Bob Marley The untold story
BOB MARLEY wasn’t your regular Jamaican-born, dread-locked, cannabis-smoking, reggae musician, guitarist and a Rastafarian, a way of life that most Jamacian youth were falling for in the 60s. In his short span of life (36 years) he rose above all precedents one would associate with a free soul musician like him. Despite nurturing 11 children from nine different women, he is idolised, followed, adored and worshiped not just by Jamaicans, blacks but by anyone who has heard his soulful music. Chris Salewicz is the man who had the opportunity to observe the man in great detail during his highs (late 60s) and his lows (late 70s). Probably, that’s why his biography on the man is the most evocative of all the books written on the legend. After all it’s not easy to intrude into the day-to-day life of an effervescent and convoluted personality like Marley’s – his relation with his mother, women in his life (not necessarily his wife), his struggle for racial identity (white father, black mother), his early days with ‘The Wailers’ and later years with ‘Bob Marley and the Wailers’, his transition to Rastafari style of living, his political bend, tryst with cancer and concluding rise to the immortality.
The author had a few interactions with Bob, backed up by the firsthand account of Marely’s relatives and friends resulting in insightful, intriguing memoirs on a man whom we could never fully understand.
For me the most refreshing part about the book is not merely the life story of Bob Marley but also how his life and music influenced Jamaican culture, the island’s politics, its youth, Rastafari moment, use of cannabis and of course, impact on the world music.
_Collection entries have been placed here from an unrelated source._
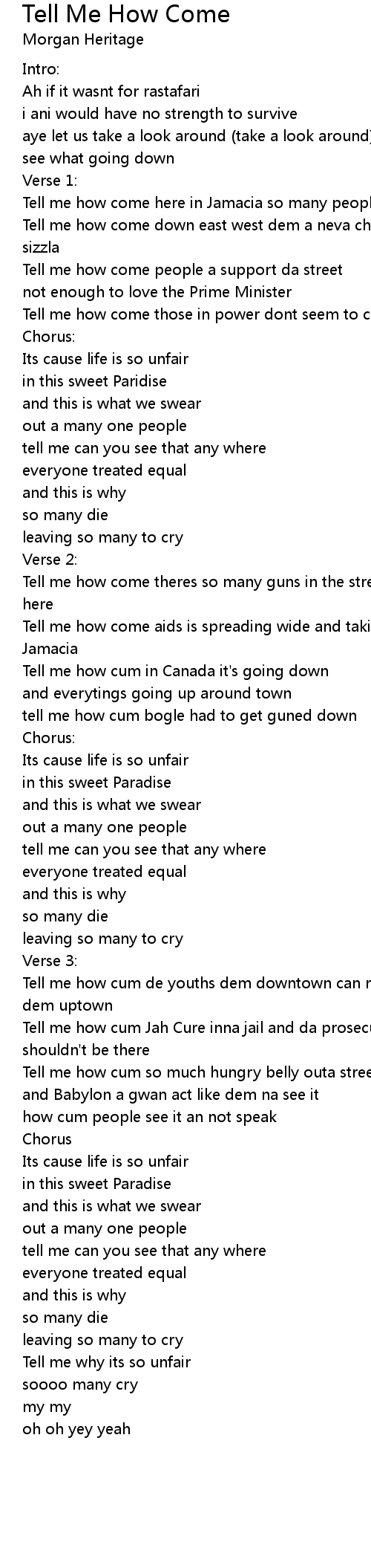 Tell me how come here in Jamacia so many people still a fight Rasta |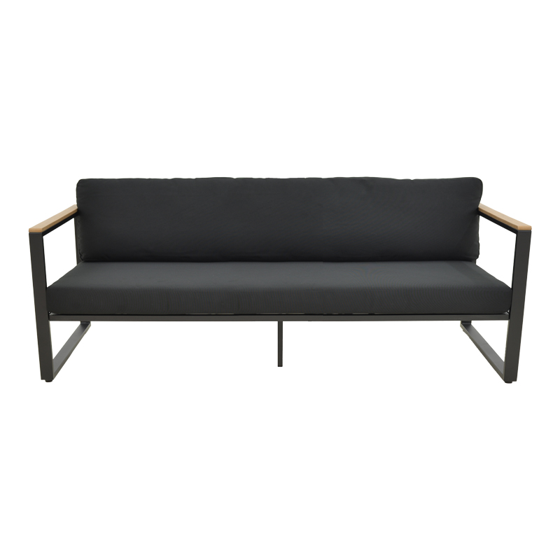 Αναβαθμίστε τον εξωτερικό ή εσωτερικό σας χώρο με τον 2θέσιο καναπέ Aurelio. Με στιβαρό ατσάλινο σκελετό και κομψές, μοντέρνες γραμμές, συνδυάζει στυλ, άνεση και μακροχρόνια αντοχή. Τα μπράτσα με επένδυση plywood προσθέτουν μια φυσική πινελιά, ενώ τα πλούσια μαξιλάρια εξασφαλίζουν μια premium εμπειρία καθίσματος.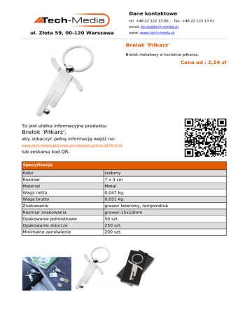 Dane kontaktowe tel. +48 22 122 13 00 , fax. +48 22 122 13 01 email: [email protected] ul. Złota 59, 00-120 Warszawa www: www.tech-media.pl Brelok 'Piłkarz' Brelok metalowy w kształcie piłkarza. Cena od : 2,54 zł To jest ulotka informacyjna produktu: Brelok 'Piłkarz', aby zobaczyć pełną informację wejdź na: www.tech-media.pl/brelok,primepikarz,prime,0478.html lub zeskanuj kod QR. Specyfikacja Kolor srebrny Rozmiar 7 x 3 cm Materiał Metal Waga netto 0,047 kg. Waga brutto 0,051 kg. Znakowanie grawer laserowy, tampondruk Rozmiar znakowania grawer:15x10mm Opakowanie jednostkowe 50 szt. Opakowanie zbiorcze 250 szt. Minimalne zamówienie 200 szt.

It took the author over forty years of research to unravel the assorted complexities of the man.
Apart from music one of the major contributions, if one may say so, Marley had made was to unite the Jamaicans in particular and blacks in general through the way of life called Rastafarianism. The man, Bob Marley, personified the idea of Rastafari. There have been citations in the book claiming without Bob world would have never learnt of the culture known as Jah Rastafari.
Another picture that emerges out of the book portrays Marley as a peace-maker. Marley used his music and lyrics to bridge the gap between the two warring political groups in Jamaica only to get shot at prior to a peace-promotion event along with his wife, and manager Don Taylor at his house. Eventually, the concert proceeded, and an injured Marley performed as scheduled with a remark that tattooed on every Jamaicans heart forever, "The people who are trying to make this world worse aren’t taking a day off. How can I?"
Post the book, I know the man the way a Jamaican does.